My Second Retirement
- Ken Byalin
- 2 hours ago
- 2 min read

It’s only now – in my second “retirement” – that I am actually stepping back, and that is taking much more getting used to than I’d expected. This is a real shift.
My old sociology teacher, Alan Blum, wrote an article years ago about social problems. I was a social worker getting a doctorate in sociology, so this was a paper that spoke to me. “What is a social problem?” Alan asked. He answered that a social problem was something that somebody had better do something about. That was me – as a social worker and later as a Zen Peacemaker – the person who would do something about whatever it was that needed doing about.
And now it’s not me. I’m not the person who going to do the doing. I’m retired. How do I feel about that? Guilty. Bernie always said that Zen teachers don’t retire, but I’m a retired Zen teacher. I’m a retired peacemaker. That seems to be my koan. And it ain’t an easy one. Not for me anyway.
What does it mean to be retired? I’m thinking about the word. Twenty-five years ago, I took an early retirement option. Now I retire early. I’m usually asleep by about 10:30. Now, that’s early retirement. I’m stepping back. I’m happy to attend a meeting, if invited, to brainstorm what might be done about a problem, but I’m not taking on the work. I’m tired. Sometimes, I nap in the afternoon, tired again even after a good night’s sleep. That’s retired.

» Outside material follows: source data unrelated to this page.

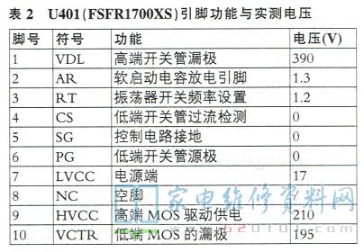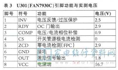 故障现象3:电源带负载能力差。分析检修:检查FPC电路输出的VBUS(+390V)电压是否正常,如果明显偏低,应查VB电压(约+300V )是否正常,如不正常,则检查市电整流滤波电路;若正常,则表明PFC电路存在故障,重点检查R307 ~R310.CE2、CE3、QW3等元件。U301( FAN7930C )引脚功能及电压见表3。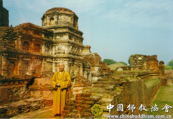 ▲(1997年,传印长老朝拜佛教圣地——那烂陀寺遗址)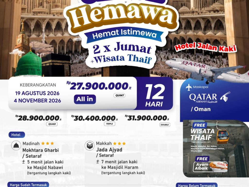 Umroh Hemawa Hemat Istimewa 2 x Jumat - 4 November 2026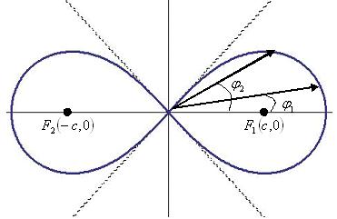 r2 = 2c2cos2φ — уравнение лемнискаты Бернулли в полярных координатах;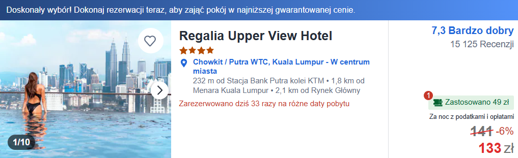 Świetny 4* hotel z basenem na dachu i niesamowitym widokiem panoramę Kuala Lumpur w cenie zaledwie 66 PLN/dobę na osobę przy pokoju 2-osobowym zabukujesz TUTAJ.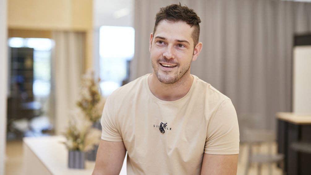 Im Jahr 2010 schloss ich meine Berufslehre als Zimmermann mit EFZ ab. Implenia bot mir eine Festanstellung im Holzbau an und von da an arbeitete ich als Zimmermann. So wäre beruflich eigentlich alles glatt gelaufen, hätte mein Kompartment-Syndrom und eine chronische Knochenhautentzündung an den Unterschenkeln nicht laufend Unterbrüche bei der Arbeit verursacht. Begonnen hatten die Anzeichen, als ich 19 war. Auch nach grösseren Pausen, monatelanger Physiotherapie und einer Operation kamen die Schmerzen nach jeder Belastung sofort wieder. Als ich 25 war, legten mir meine Ärzte ans Herz, die Tätigkeiten auf dem Bau zu verlassen, um über die nächsten Jahre noch eine Chance auf Genesung zu haben. So schwer ich das akzeptieren konnte: Ich wusste mich auf einen anderen Job einstellen.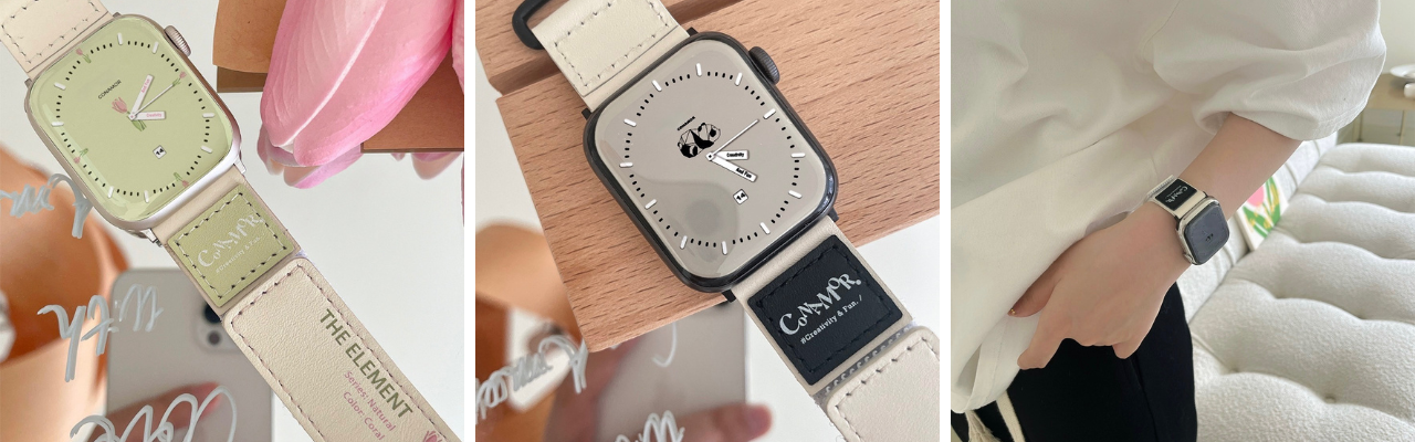 ③「レザータグ」PUレザーアップルウォッチバンド 各 3,880円(税込)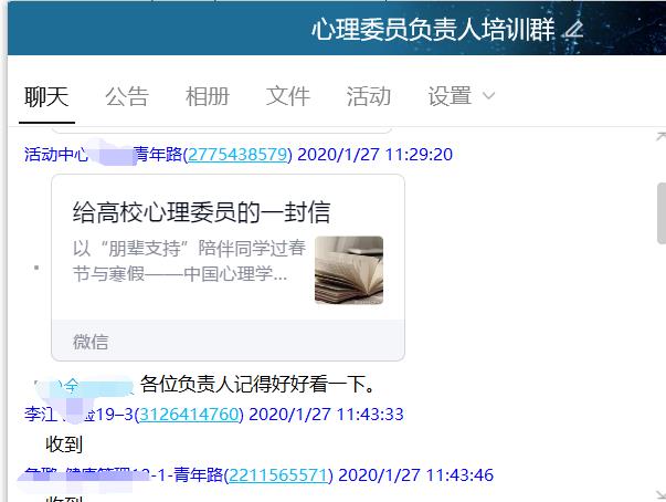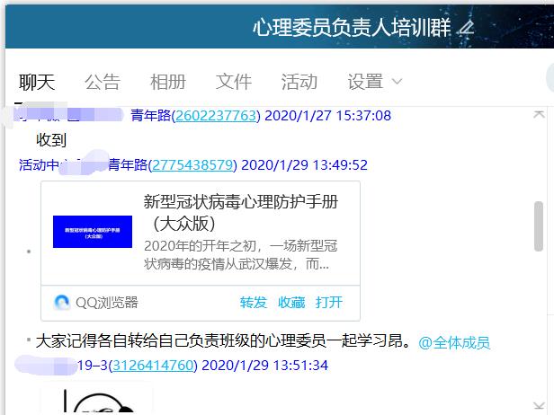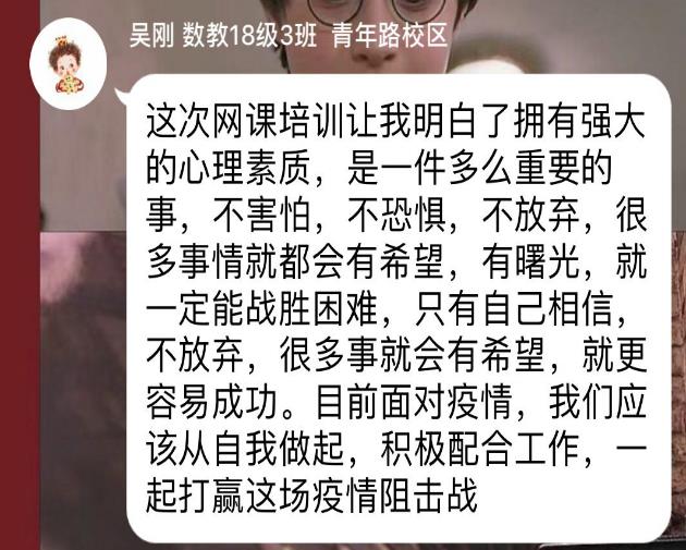面对疫情,学生可能会遇到各种心理挑战,心理中心积极发挥朋辈支持力量,对全院各班级心理委员开展了网上培训,普及心理辅导与支持常识。同学们积极响应,认真学习,纷纷表示,新冠肺炎疫情防控心理知识培训改变了他们的生活方式,也使他们获得了心理知识,减少了焦虑与失序,促进了成长。

I need to pace myself. Even three years ago, when I “retired” for the second time, when I really got into walking, I was averaging over 10,000 steps a day. These days, 10,000 steps is a lot. And I’m walking more slowly. My heroes on the boardwalk are not the athletes zooming by but the old guys plodding, one-foot-other-foot, as they push their walkers.
I am respecting my body, even as I stay in motion, and I feel guilty: shouldn’t I be doing more? I know there’s a quick way to alleviate the guilt: Push myself to do something about some social problem. Stop leaving the problems to the younger people. Why should the young people have to deal with our environmental mess? On and on, it goes.
So, what do I do with my koan? I sit with it. I feel the frustration and the guilt of not being the same person I was twenty years ago or five or even yesterday. And I feel the joy of not being that same person either. It’s wonderful to have this new experience. I don’t even want the guilt to go away. The guilt is part of appreciating this new experience, this retirement.
My mother used to say, “You get old or you die.” I will get to the dying soon enough, although I’m in no hurry. I think about that old Chinese Zen teacher, Chao Chou, one of my heroes, who taught until he was 120. I like being an old teacher. Retired doesn’t mean “stopped teaching.” It means walking slower, going to bed earlier, leaving some things to the younger people, and teaching. And I love it. And I feel guilty. A hell of koan.